The entire listing, reproduced exactly and stripped of images, is the expected output.

::: Dataset extract

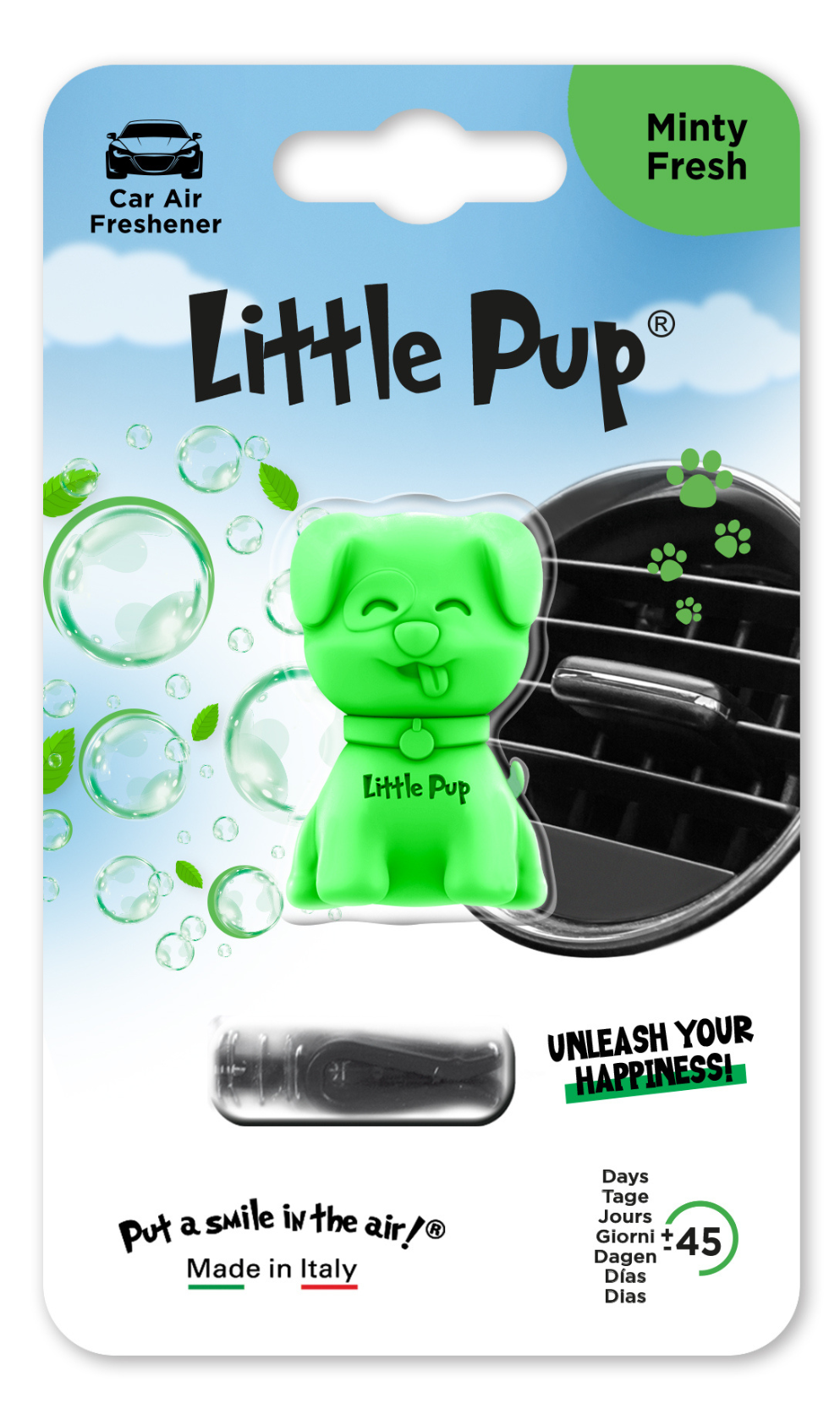 Little Pup Fresh Mint je osvežujoča avtomobilska dišava s hladnim vonjem mete, ki poskrbi, da je vaš avtomobil ob vsaki vožnji svež in poživljajoč.
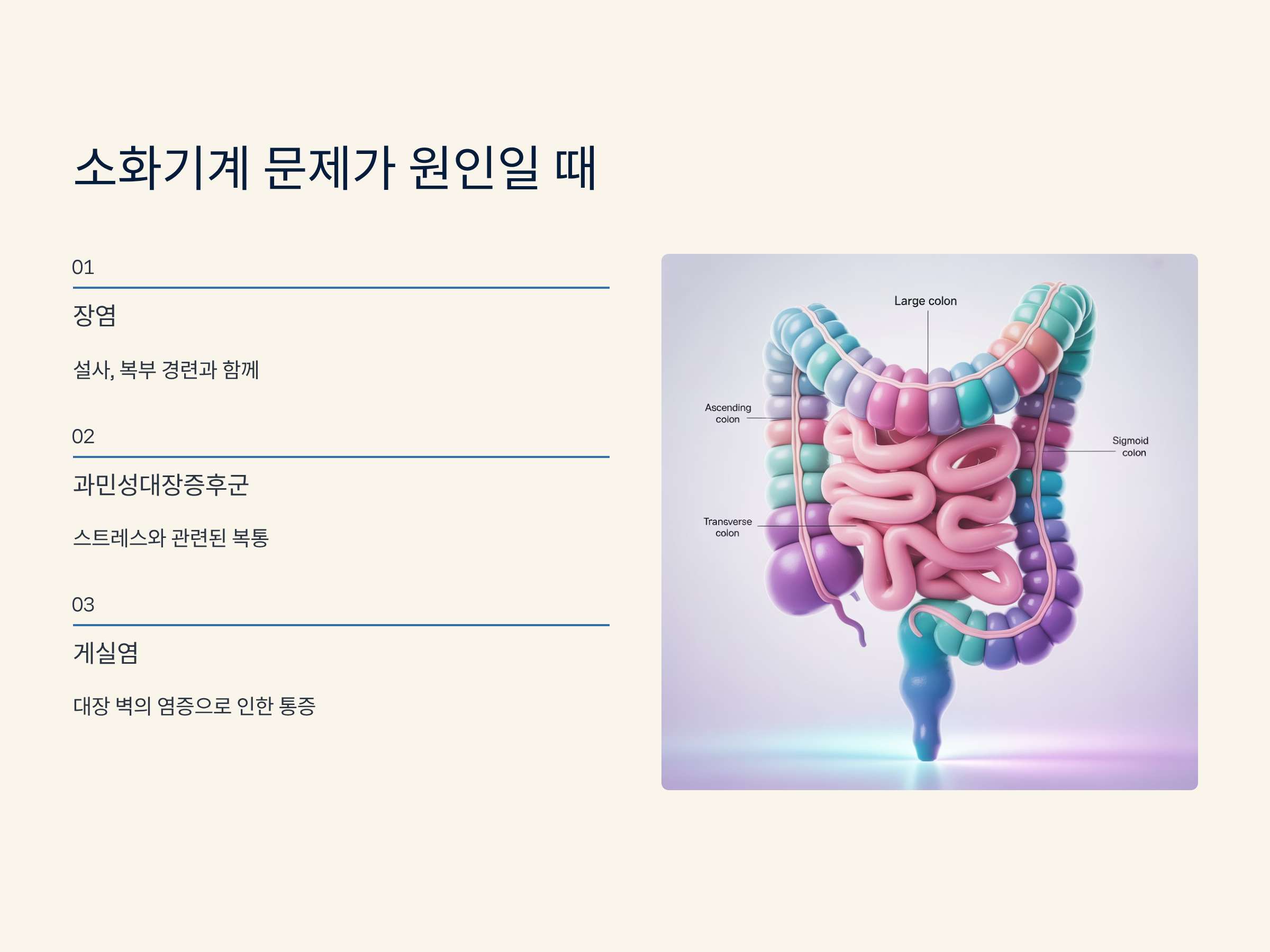 가장 먼저 생각해볼 수 있는 원인은 여성 생식기 관련 질환입니다. 자궁근종, 난소 낭종, 자궁내막증, 배란통 등이 대표적입니다. 특히 월경과 관계없이 통증이 지속되거나, 성관계 후 통증이 있다면 산부인과 진료를 받아보는 게 좋아요.
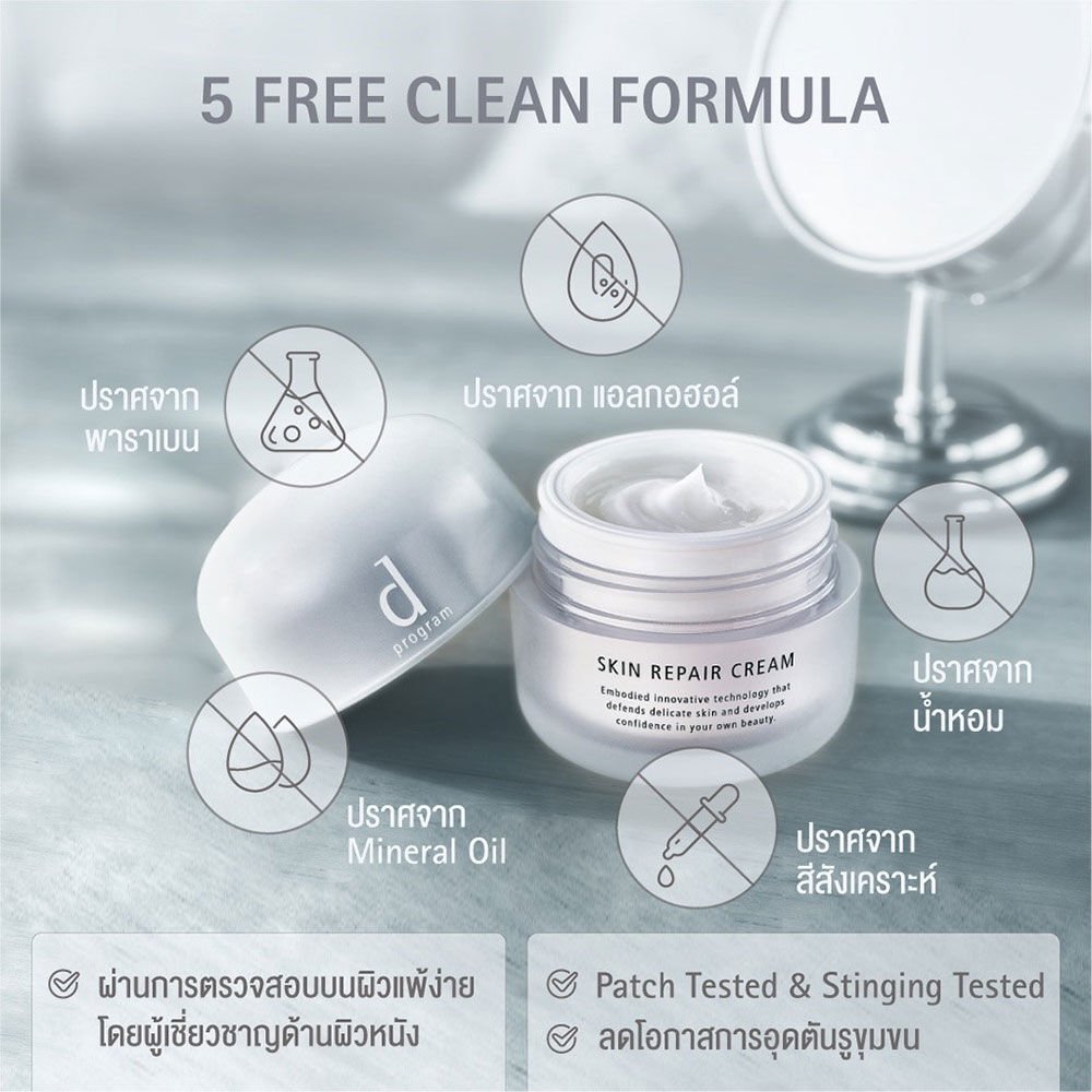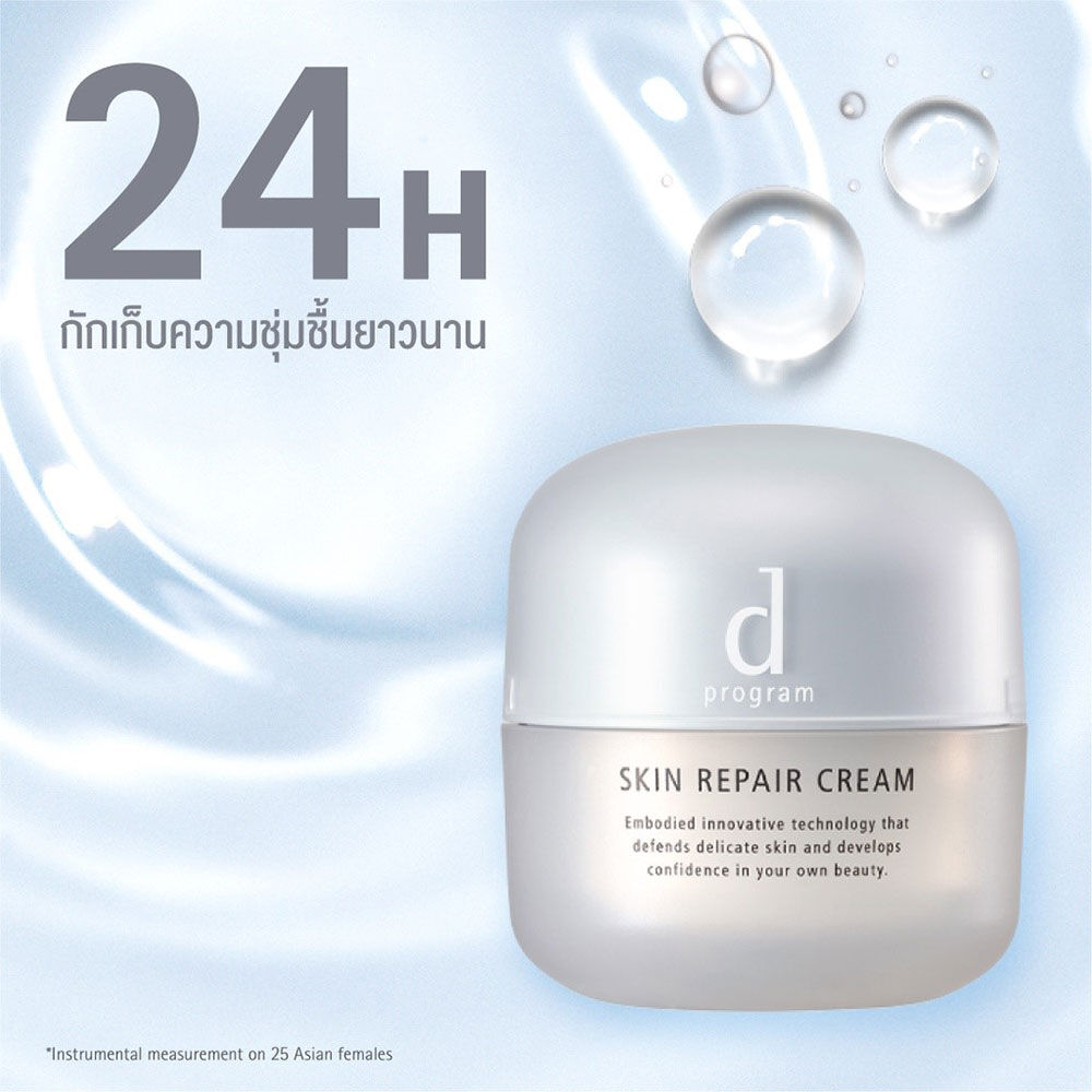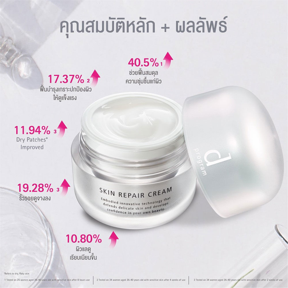D Program Skin Repair Cream 45g ครีมบำรุงผิวหน้าสำหรับบอบบางแพ้ง่าย ด้วยส่วนผสมจาก Active Ingredients และ BM Enhancer (Yeast Extract Complex + BM Support Complex) ช่วยฟื้นบำรุงและปลอบประโลมผิวบอบบางแพ้ง่าย โดยการเพิ่ม Beauty Microbiome พร้อมมี DP Complex และ Aqua Inpool ช่วยฟื้นบำรุงเกราะปกป้องผิวให้แข็งแรง และคงความชุ่มชื้นให้ผิว เผยผิวเรียบเนียน กระจ่างใส ดูสุขภาพดี

::::::

# Result:
 Little Pup Fresh Mint je osvežujoča avtomobilska dišava s hladnim vonjem mete, ki poskrbi, da je vaš avtomobil ob vsaki vožnji svež in poživljajoč.
 가장 먼저 생각해볼 수 있는 원인은 여성 생식기 관련 질환입니다. 자궁근종, 난소 낭종, 자궁내막증, 배란통 등이 대표적입니다. 특히 월경과 관계없이 통증이 지속되거나, 성관계 후 통증이 있다면 산부인과 진료를 받아보는 게 좋아요.
D Program Skin Repair Cream 45g ครีมบำรุงผิวหน้าสำหรับบอบบางแพ้ง่าย ด้วยส่วนผสมจาก Active Ingredients และ BM Enhancer (Yeast Extract Complex + BM Support Complex) ช่วยฟื้นบำรุงและปลอบประโลมผิวบอบบางแพ้ง่าย โดยการเพิ่ม Beauty Microbiome พร้อมมี DP Complex และ Aqua Inpool ช่วยฟื้นบำรุงเกราะปกป้องผิวให้แข็งแรง และคงความชุ่มชื้นให้ผิว เผยผิวเรียบเนียน กระจ่างใส ดูสุขภาพดี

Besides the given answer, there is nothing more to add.